Одесский Международный КиноФестиваль 2012 - продол

Босиком в кино, или Фестивалим, год 2012

День второй. Суббота, четырнадцатое
Как важно иметь правильных соседей, или Какого хрена вы делаете в кино?!
Еще накануне вечером оказалось, что смотреть кино без обуви не просто удобно, но очень приятно. Дресс-код, правила прогулок мимо красной дорожки (как и положено продажной и алчной прессе) и заповеди в глянцевых журналах пополняют коллекцию шпильками и каблуками (чем выше, тем ноги длиннее), а мозг позывами снять все это немедленно. Десятисантиметровые шпильки полетели под сиденье в первую же минуту в Оперном. Какое это было счастье! Как же мне понравился фильм-открытие!

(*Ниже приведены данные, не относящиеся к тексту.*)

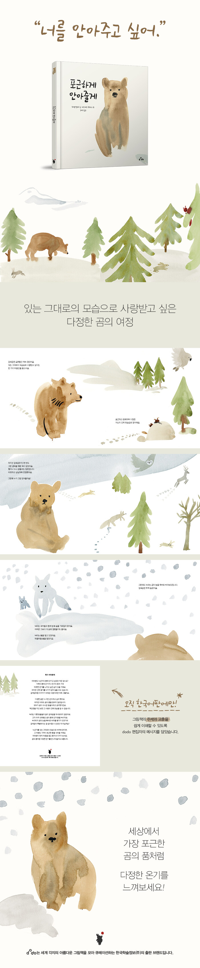 누군가를 있는 그대로의 모습으로 바라봐 준다면, 그 사람도 여러분에게 기꺼이 포근한 품을 내어줄 겁니다. 그런 시간들이 모이면 언젠가 여러분도 누군가에게 크고 포근한 품을 내어줄 수 있는 사람이 되어 있을지도 모르지요. 우리 모두 누구나 그런 다정한 마음과 따뜻한 온기를 가지고 있으니까요. 서로의 온기를 나누면 다정한 마음은 더욱 커지겠지요. 그러면 우리는 세상을 따뜻한 온기로 가득 채울 수 있을 거예요. ‘안아주다’라는 단어에는 다양한 의미가 담겨 있습니다. 누군가를 안아주는 ‘포옹’ 그 자체를 말하기도 하지만, 어쩌면 마음을 나누고 상대를 위하는 마음이 ‘포옹’의 모습으로 비추어질 수도 있지요. 이 책을 통해 우리가 안고 싶은 게 무엇인지, 우리의 작은 포옹이 이 세상에 어떻게 따스함을 전할 수 있을지 고민해 보면 좋겠습니다. 우선은 용기를 내서 가까운 사람에게 먼저 마음을 열고 다가가 보는 건 어떨까요? 곰의 품처럼 다정한 온기를 만나게 될지도 모르니까요.

Невысокие, но под цвет фестивальной сумки, красные лакированные каблучки пролежали в театре Музкомедии весь первый фестивально-програмный фильм, и даже не пикнули. Нет, идти в пляжных сандалиях по красной дорожке ко входу в Музкомедию мне даже в голову не придет! Зато какое счастье, что в Музкомедии можно с легкостью отыскать место, где перед тобой на одно сидение вперед не маячит чужая макушка, и вертеться в свое удовольствие.
Если в прошлом году решение о том, что смотреть, принималось одним движением ноги (шаг вправо – ты в Красном зале и смотришь редкое и премьерное, шаг влево – ты в Синем и голосуешь), то в году 2012 от Рождества Христова шагать придется шире. Все самое вкусное, облитое шоколадом и посыпанное орешками – по адресу Мечникова, 104, кинотеатр «Родина». Фестивалят и надрывают листочки на улице Пантелеймоновская, дом 3, театр Музыкальной комедии им. Водяного. Местного же производителя можно поддержать в здании Одесской киностудии (Французский бульвар, 33) – там проходит национальный конкурс.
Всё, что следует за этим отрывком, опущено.